Daarom steunde hij de regering van de Moslimbroederschap in Egypte tussen 2011 en 2012.

Hij probeerde ook de Syrische dictator Bashar al-Assad omver te werpen. Dit deed hij door diverse jihadistische groeperingen te steunen en de groei van Daesh in oost-Syrië te negeren.

Terugslag

Maar nu wordt Erdogan geconfronteerd met verschillende vormen van terugslag. De bedreiging van het Syrische regime dreef Rusland er toe in de Syrische burgeroorlog te interveniëren. Hierdoor is de inzet van de geopolitieke strijd verhoogd. Problematischer voor Erdogan is dat Assad de gebieden aan de grens met Turkije heeft verlaten. Hierdoor worden deze gebieden nu gecontroleerd door de Syrisch Koerdische Democratische Unie Partij (PYD), die gelieerd is aan de PKK. Met de hulp van de Verenigde Staten is deze partij erin geslaagd deze enclave te verdedigen tegen Daesh.

Dit is de sleutel tot het begrijpen van de koerswijziging van Erdogan. Het is één ding om met Öcalan te praten over autonomie voor de Koerdische gebieden binnen de Turkse staat. Het is heel iets anders om te maken te hebben met een PKK die haar eigen territoriale basis heeft buiten Turkije. Hieraan moet worden toegevoegd dat Democratische Partij van de Volkeren (HDP), die banden heeft met de PKK, bij de verkiezingen van juni dertien procent van de stemmen wist te behalen.

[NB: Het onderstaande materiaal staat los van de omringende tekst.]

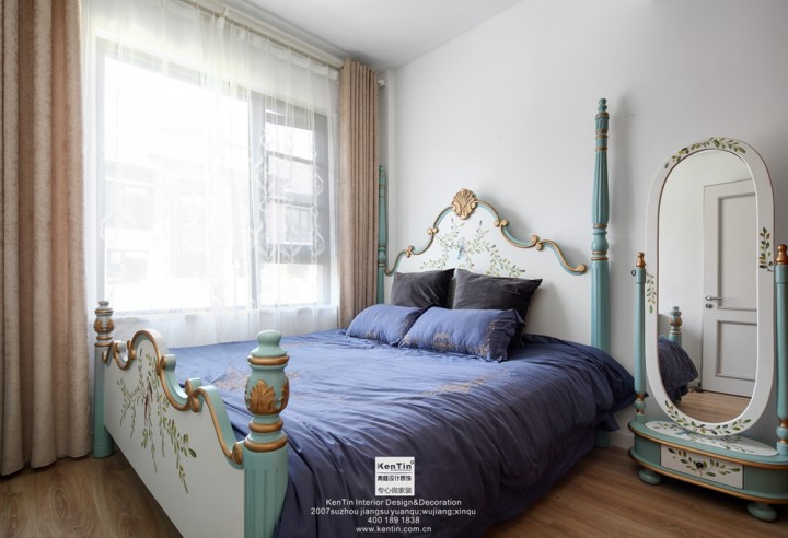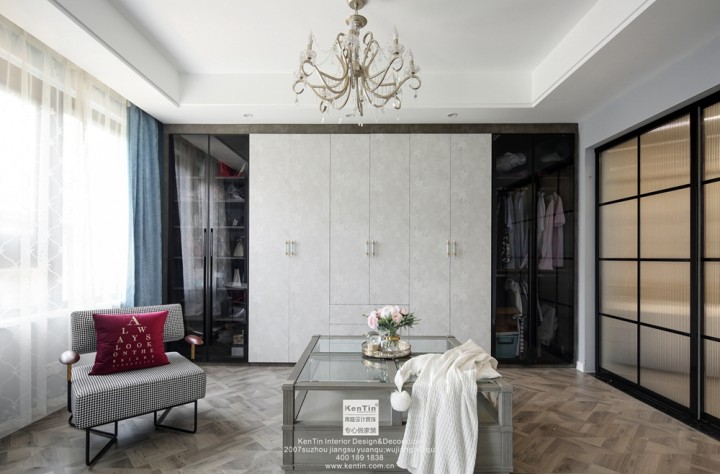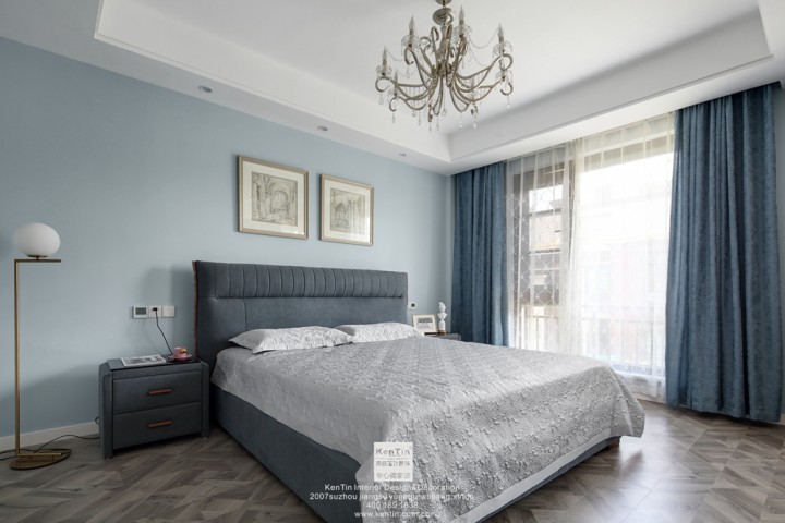 主臥墻面色彩淡藍(lán)色,與床、窗簾等呼應(yīng)起來,并無過多的裝飾物。而考慮到衣帽間的實(shí)用性,其儲物空間也大大增加。

Dit is de context waarin Erdogan de oorlog tegen de Koerden nieuw leven heeft ingeblazen. De angst voor politieke instabiliteit stelde de AKP bij de nieuwe verkiezingen in november alsnog in staat de meerderheid te behalen. Maar het is goed mogelijk dat Erdogan zijn hand aan het overspelen is. Door zich steeds autoritairder op te stellen kan Erdogan een tegenreactie uitlokken die veel groter is dan alleen de Koerden.